Though The Fan is the Metroplex station for Aggies' football and despite the fact that Armen had been efforting for this interview since February, we will never be allowed to have Manziel on again. And, to his chagrin, Williams will never hear his sophomoric handiwork repeated. We replay the interview just before going off the air, but only after Tim has ordered substitute board operator Jeff Cavanaugh to edit out Williams' repeated attempts to get Manziel to address his total "trim" triumphs.
"Who did that?!" yells Williams on the air. "Who took that out?!"
Later in the show Tim censors Williams again, this time yelling "dump" (or cut) as the dangerously bold Greggo begins uncomfortably asking a young woman about her breasts during a segment in which he took the wireless microphone onto TMS' midway.
Not surprisingly after the show, with a gaggle of listeners gathered around our table hoping for a picture or an autograph or just a friendly chat, the two go at it - nose-to-goatee.
(continued from page 1)
"Don't you ever edit me again! Ever!! You hear me?!" Williams screams to the assistant program director who joined The Fan early in 2009. "I've been to the top of the mountain! You don't even know where the mountain is!!"
Says Tim, calmly, "Greggo, I'm always going to make the decisions I think are best for this station. You can take chances all you want, but it's my job to protect the station. And that's what I did."
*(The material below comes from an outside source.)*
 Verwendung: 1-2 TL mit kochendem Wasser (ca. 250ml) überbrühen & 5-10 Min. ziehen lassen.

As Armen and I contemplate how to diffuse a confrontation that is a saliva splat to the cheek from becoming a physical altercation, Tim issues a general "I'm sorry everybody" apology and walks away. A couple hours later he texts me:
8:57 p.m.:
Again, sorry about today. But I couldn't take it anymore.
No problem, I respond.
Welcome to my world. "High road" ain't so easy with him.
Writes Tim in conclusion,
It was about as high as I could go. Took all I could to walk away.
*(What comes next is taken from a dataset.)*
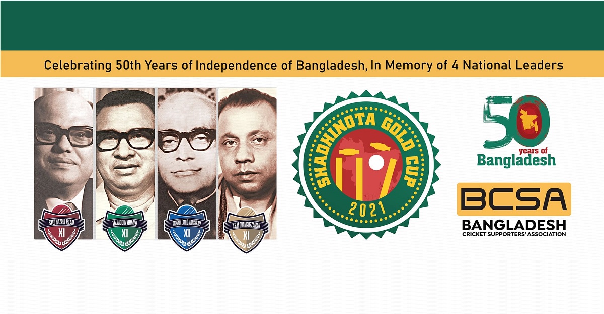 জাতীয় চার নেতা- ক্যাপ্টেন (অবঃ) মোহাম্মদ মনসুর আলী (১৯১৯-১৯৭৫), তাজউদ্দিন আহমেদ (১৯২৫-১৯৭৫), সৈয়দ নজরুল ইসলাম (১৯২৫-১৯৭৫) ও আবুল হাসনাত মোহাম্মদ কামরুজ্জামান (১৯২৬-১৯৭৫)- এই চারটি নাম বাংলাদেশের ইতিহাসে উজ্জল নক্ষত্রসম। তাঁদেরকে ছাড়া স্বাধীন বাংলাদেশের ইতিহাস লেখা হয়তো সম্ভব না। জাতির জনক বঙ্গবন্ধু শেখ মুজিবুর রহমানের সাথে কাঁধে কাঁধ মিলিয়ে ১৯৭১ এ স্বাধীন বাংলাদেশের জন্য অপরিসীম ভূমিকা রেখেছেন এই চার নেতা। তাঁদের অবদানের প্রতি শ্রদ্ধাশীল বিসিএসএ স্বাধীনতার সুবর্ণজয়ন্তীতে তাঁদের স্মরণে আয়োজিত এই ক্রিকেট টুর্নামেন্ট। মাঠের লড়াইয়ে এই স্বাধীনতা গোল্ড কাপে বিসিএসএ মেম্বাররা অংশগ্রহণ করেন।

On my way into work the following Monday - April 15 - I text Tim to inquire about what, if any, discipline would be taken against Williams for Friday's outburst. No response. Should've known his silence wasn't golden.
(continued from page 2)
My head said Monday, but my heart was pounding like Day 49 of my two-month climb up Mount High Road. Before our pre-show meeting I pop into Spittle's office to follow-up on a couple of my on-going ventures:
1. To judge the Cowboys' cheerleaders tryouts in early May; 2. How to maximize show/station exposure via a billboard I had recently purchased at a charity auction. Spittle is receptive, but certainly not excited.
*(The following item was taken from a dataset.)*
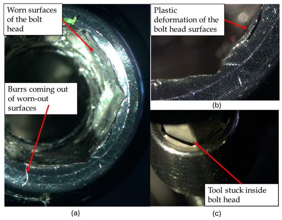 Worn-out bolt head showing (a) worn-out surfaces with burrs coming out of the head, (b) plastic deformation of surfaces before wear and tear of the surfaces, and (c) tool stuck inside bolt head when the surface of the bolt started to wear.

"Those are both great," he says. "Let's address them more in detail as we get closer."
And with that, I unknowingly walk out of his office as a CBS employee for the last time.
While Williams alternated incoherence with truancy, I had also long been butting heads with Spittle and his, um, unique management style. This wasn't the guy I remembered. Not the leader I expected. This wasn't the guy who hired me, but he was about to be the guy who fired me.
Spittle's creative decision-making included his launching of a station text alert system in early March that would supposedly send breaking news right to the smartphones of The Fan database. But in the wake of
RAGE's March 14 interview with Hall-of-Fame running back Emmitt Smith that made national news including our audio being played - and credited - repeatedly on ESPN's
SportsCenter, Spittle didn't send out the podcast through his text alert. I inquired as to why not:
"Ideally," he explained, "it's to be used for transactions only. You know, like when the Cowboys sign a player or the Rangers make a trade."
"So you don't think one of our interviews that makes national news is fit for our text alert?," I asked again, failing to hide my exasperation.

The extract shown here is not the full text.